## Your instructions
Pictures aside, reproduce exactly each line from the one holding "RUNDO Alfred 1934" through the last line of the material, both ends included.

= Beginning of Section =

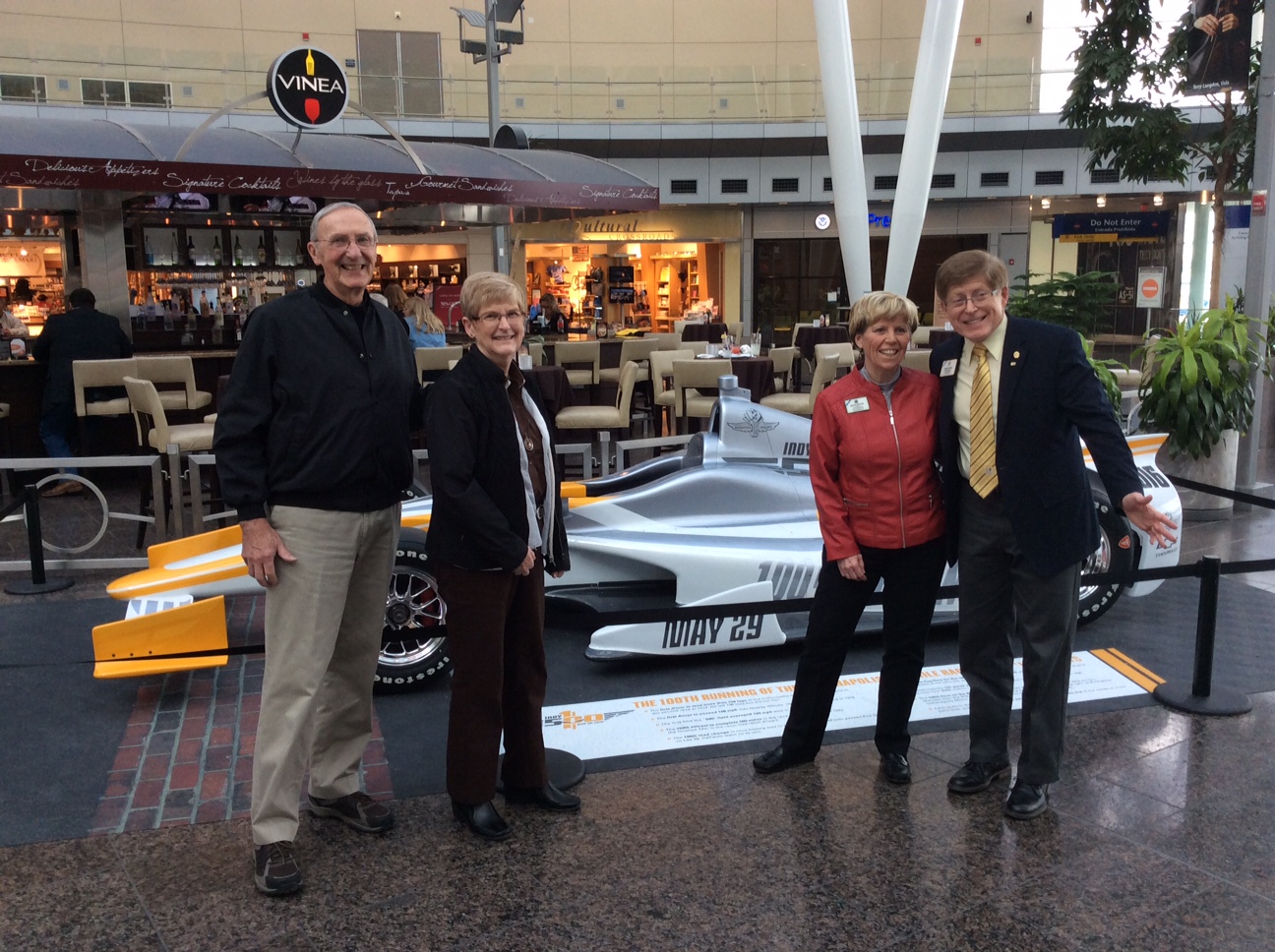 Fellow LCI Director Linda and PDG Vern Tincher, and District Governor Richard and Karen McKellar met us at the Indianapolis airport. We immediately knew we were in racing territory, and we took the opportunity to capture a photo before we were even out of the terminal.
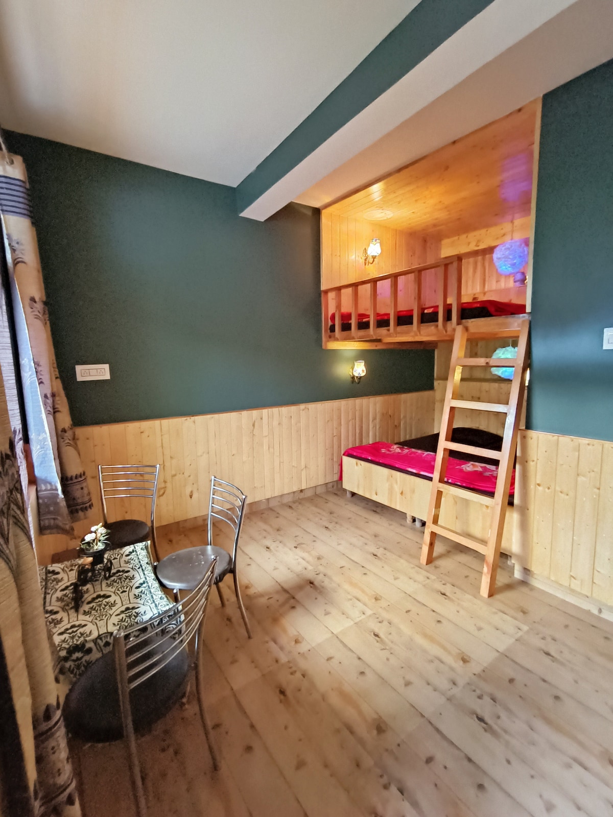 This home-stay is located at the most stunning views of manali. Walking away from hadimba temple and the nature walk. 3 kms from the mall road. 2 kms walk to the old manali bridge. Our property is 2 cottages where we have these floors of 2-3 rooms each with private balconies and beautiful outdoor seatings. This one is at the first floor. We have a in house cook where you can get anything made on order or choose from our in house menu.
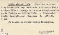 RUNDO Alfred 1934 Rzut oka na przebieg katastrofalnego wezbrania w dorzeczu Wis³y w lipcu 1934 r. Aperçu de la crue exceptionnelle de la Vistule en juillet 1934.
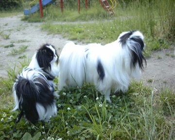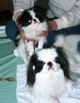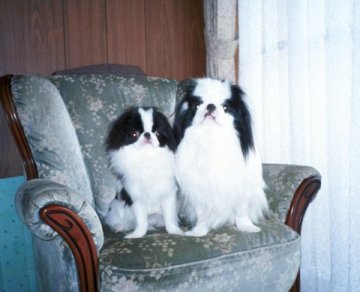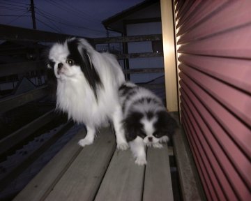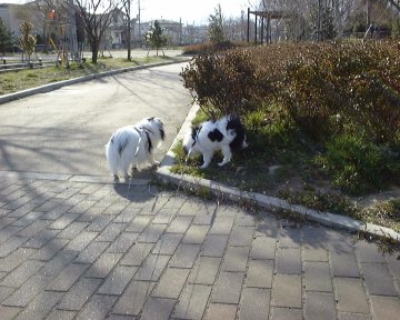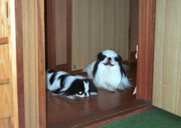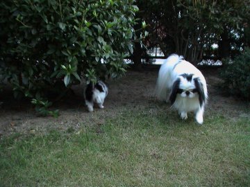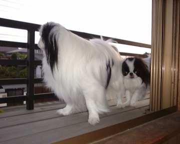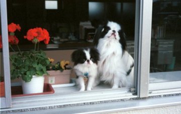 1999/10/24です。 金太郎と銀次郎を並べると、同じ狆とは思えないような差があります。 家の中では大きく感じる金太郎も、外に出ればやっぱり小さい。 |
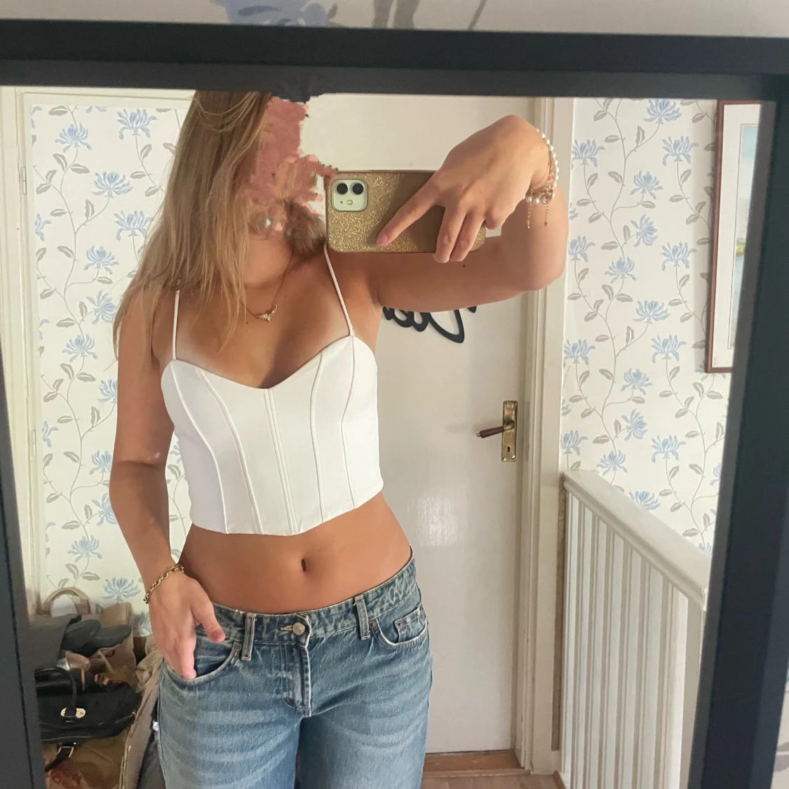 Supersnygg vit korsett-topp med smala axelband och markerade sömmar framtill. Toppen är croppad och har en stilren, figurnära passform som ger en trendig siluett. Perfekt att matcha med jeans eller vita byxor för en fräsch look.
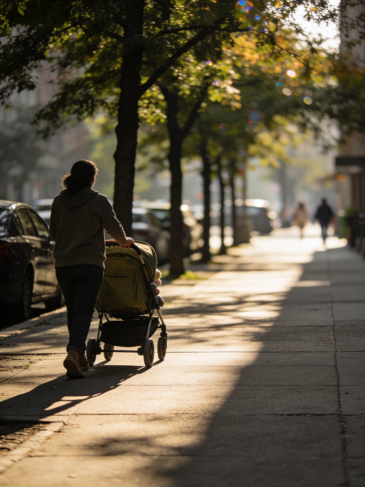 A person walks along a sunlit sidewalk, pushing a green stroller under tree shadows, creating a serene urban scene during golden hour.
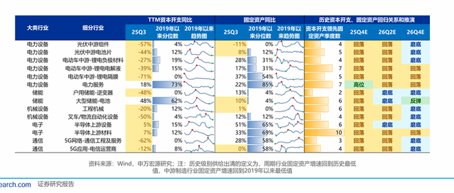 申万宏源强调,2026年中将是关键的时间窗口。A股中游制造的供给出清线索已非常明确。经历了产能投放带来的阶段性“内卷”后,预计到2026年,产能形成增速预计降至2-3%,低于5%左右的需求增速中枢。这一基本面供需关系的逆转,将使“政策底、市场底、经济底”依次出现的分析框架回归有效,并在2026年中“政策底”可能验证的时刻,触发全面牛市行情的启动。
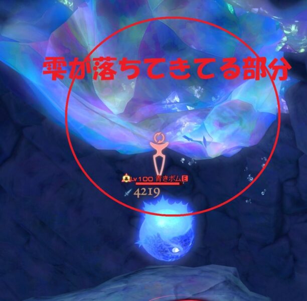 雫(水滴)が落ちてきているような光った岩のあるあたりで、青きボムを自爆させると――。

= End of Section =

## Answer to this problem
 RUNDO Alfred 1934 Rzut oka na przebieg katastrofalnego wezbrania w dorzeczu Wis³y w lipcu 1934 r. Aperçu de la crue exceptionnelle de la Vistule en juillet 1934.
 1999/10/24です。 金太郎と銀次郎を並べると、同じ狆とは思えないような差があります。 家の中では大きく感じる金太郎も、外に出ればやっぱり小さい。 |
 Supersnygg vit korsett-topp med smala axelband och markerade sömmar framtill. Toppen är croppad och har en stilren, figurnära passform som ger en trendig siluett. Perfekt att matcha med jeans eller vita byxor för en fräsch look.
 A person walks along a sunlit sidewalk, pushing a green stroller under tree shadows, creating a serene urban scene during golden hour.
 申万宏源强调,2026年中将是关键的时间窗口。A股中游制造的供给出清线索已非常明确。经历了产能投放带来的阶段性“内卷”后,预计到2026年,产能形成增速预计降至2-3%,低于5%左右的需求增速中枢。这一基本面供需关系的逆转,将使“政策底、市场底、经济底”依次出现的分析框架回归有效,并在2026年中“政策底”可能验证的时刻,触发全面牛市行情的启动。
 雫(水滴)が落ちてきているような光った岩のあるあたりで、青きボムを自爆させると――。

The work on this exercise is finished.